Geography
- Location: Regional Municipality of Niagara, Ontario, Canada

Organization
- Care system: Public Medicare (Canada) (OHIP)
- Type: Public

Services
- Emergency department: Site Dependent
- Beds: Over 800

History
- Founded: 2000

Links
- Website: niagarahealth.on.ca
- Lists: Hospitals in Canada

= Niagara Health System =

Hospital system in Ontario, Canada

The Niagara Health System, or Niagara Health (NH), is a Canadian multi-site hospital network, comprising five sites serving over 450,000 residents across the Regional Municipality of Niagara in Ontario. Niagara Health is one of Ontario's largest hospital systems, with 4,800 employees, 600 physicians and 850 volunteers. As of 2019, its annual operating budget was approximately $550 million.

==History==
Niagara Health is the result of a government directive, in 1999, to amalgamate the five hospital sites serving the Regional Municipality of Niagara. At that time, the St. Catharines community was served by the Shaver Hospital, for chronic care, the Hotel Dieu Hospital, a Catholic acute care facility managed by the Religious Hospitallers of St. Joseph, and the St. Catharines General Hospital. With amalgamation, the Hotel Dieu was placed under the governance and management of Niagara Health and renamed the Ontario Street Site. Meanwhile, the Shaver was assumed by Hotel Dieu management and renamed Hotel Dieu Shaver Health and Rehabilitation Centre.

In 2013, Niagara Health opened the one-million-square-foot St. Catharines Site, replacing the St. Catharines General and Ontario Street sites. In 2018, the Town of Niagara-on-the-Lake assumed ownership of the Niagara-on-the-Lake Site. In 2024, 82% of the NHS's employees were women, which was higher than average for a Canadian healthcare system.

==Facilities==
===Current===
- Niagara Falls Site (Greater Niagara General Hospital)
- St. Catharines Site (now Marotta Family Hospital)
- Welland Site

===Future===
- South Niagara Site (2028)

===Planned for closure===
- Fort Erie Site (2028)
- Port Colborne Site (2028)

==Controversies==
Niagara was under an Ontario Nurses Association (ONA) censure from February 2003 until December 2010. According to an Ontario Nurses Association press release in June 2007, censuring is ONA's nationwide public reproach of a health agency due to the negative impact on staff and patient care, of poor labour relations and administrative practices.

In October 2008, the Niagara Health System Medical Staff Association passed a non-confidence vote in the NHS leadership by a vote of 136 to 76.

On May 17, 2010, the Ontario Health Coalition after conducting public hearings in March 2010 issued a report calling on the provincial government to send an investigator to the Niagara Health System, stating the following reasons:

Witnesses in Niagara described the poorest access to hospital beds and emergency department care of all the regions we visited. Cuts have been and are being implemented without any protections for resident access to care and without funding agreements, functional protocols and enablers in place. This panel observes that hospital care in Niagara is chaotic, perilously short-staffed and under-resourced.
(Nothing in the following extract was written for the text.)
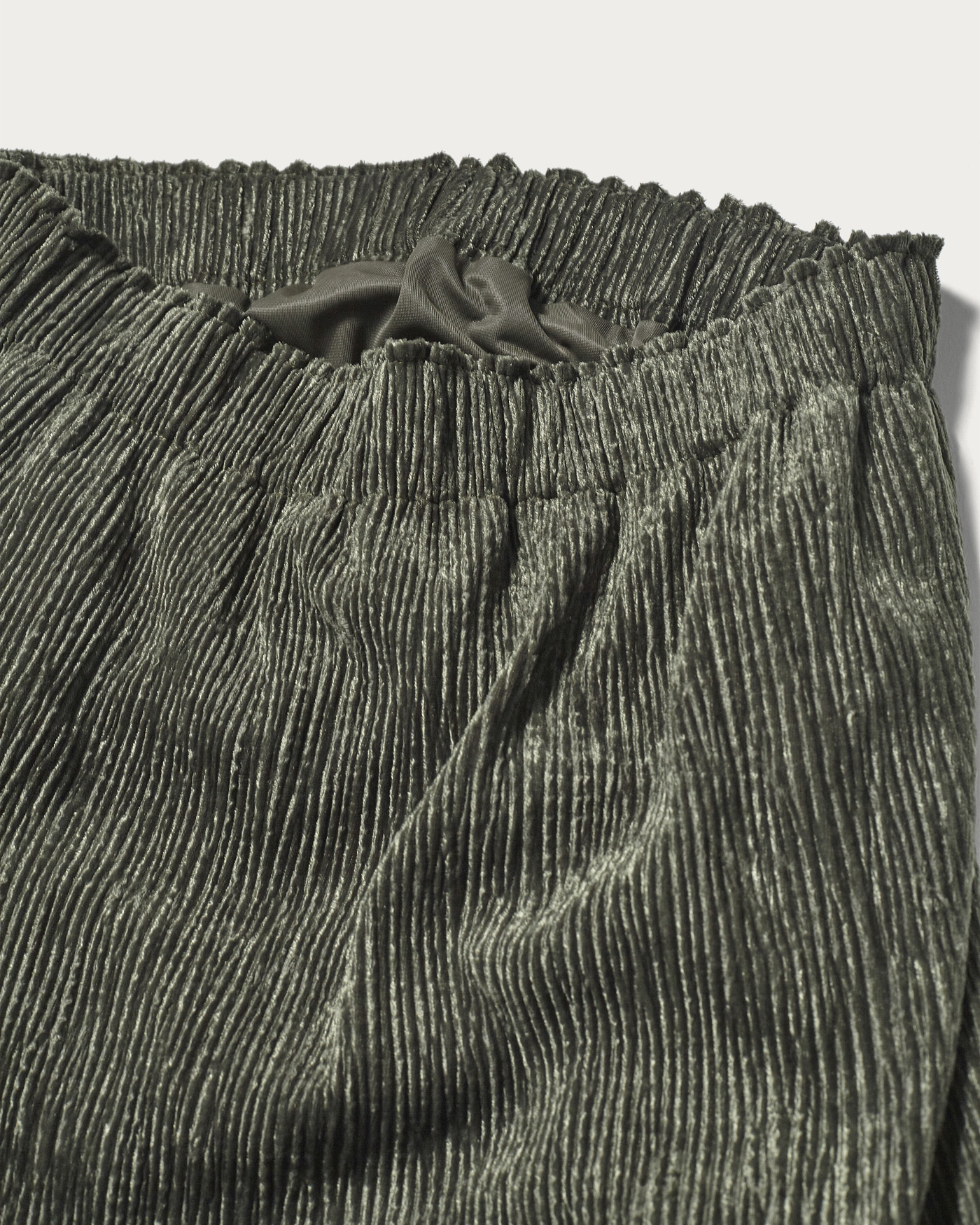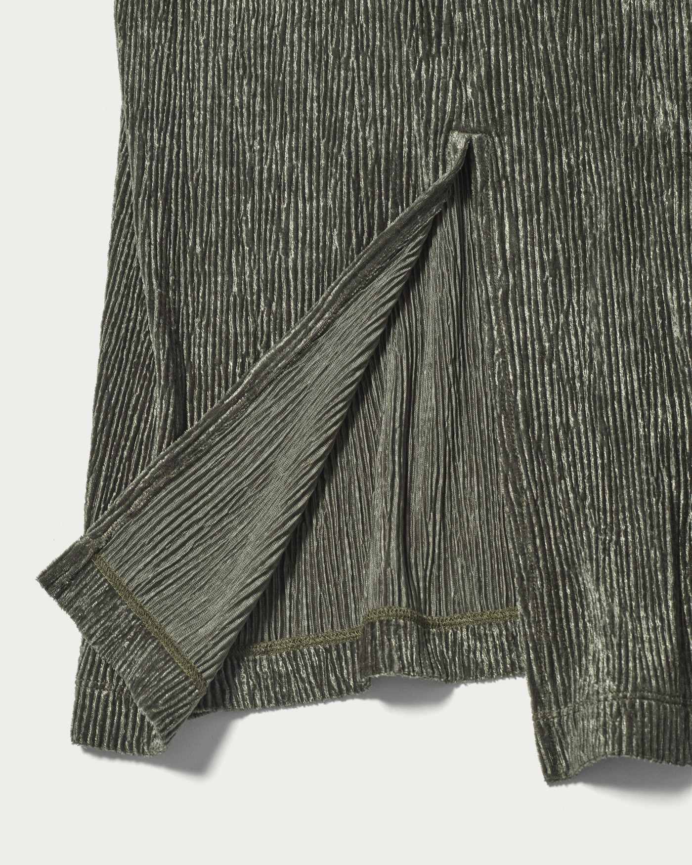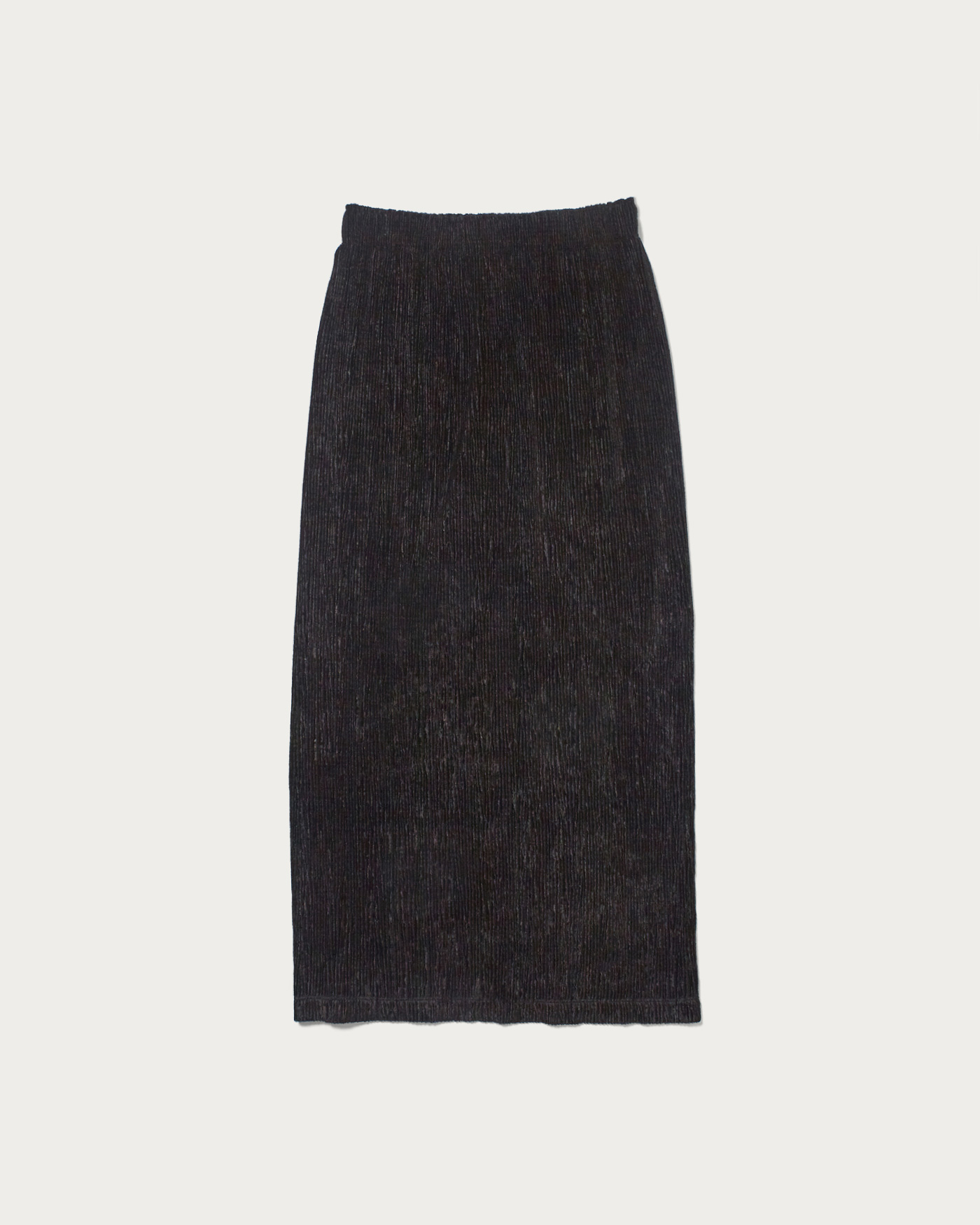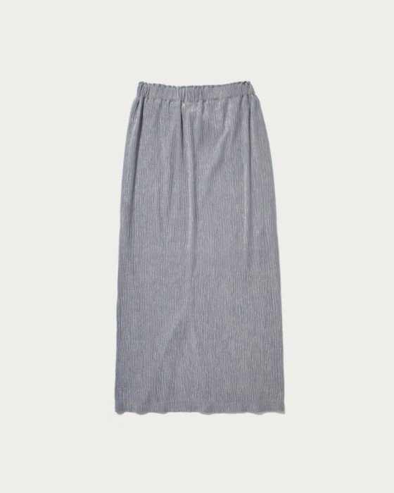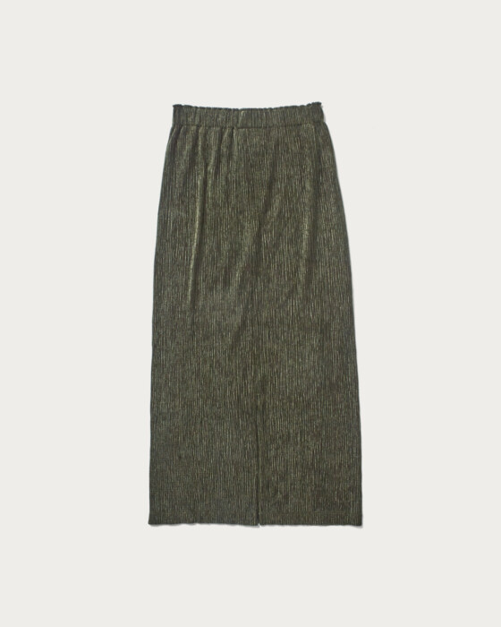繊細なプリーツに、微光沢の質感が目を引く一着。ゴム仕様のイージーウエストで、上品な中にもリラックス感を演出しました。深めのバックスリットで足捌きのよさを配慮しながらも、大人のムードが漂うナローシルエットが抜け感のある着こなしを叶えます。カラーは飽きの来ないブラックにライトグレー、シックなダークブラウン、アクセントを添えるコバルトの4色。自宅での手洗い可能な利便性も備えた、デイリーに嬉しい一枚です。

The hospital system has lost public confidence.During the COVID-19 pandemic in Ontario, Tom Stewart, the CEO of Niagara Health, took an international holiday vacation to the Dominican Republic and other countries from December 18, 2020, until at least January 5, 2021, contrary to public health advice to avoid non-essential international travel. Upon his vacation being reported on by the press, Stewart apologized, said he regretted it, and that everyone should avoid non-essential travel. Union leaders representing Ontario Council of Hospital Unions/CUPE, the Registered Nurses' Association of Ontario, and SEIU Healthcare characterized Stewart's decision as "irresponsible" and poor leadership during a time that frontline health workers were struggling. On January 6, 2021, Niagara Health's board of directors voted to end its agreement with St. Joseph’s Health System to purchase Stewart's CEO services, replacing him on an interim basis with its president, Lynn Guerriero.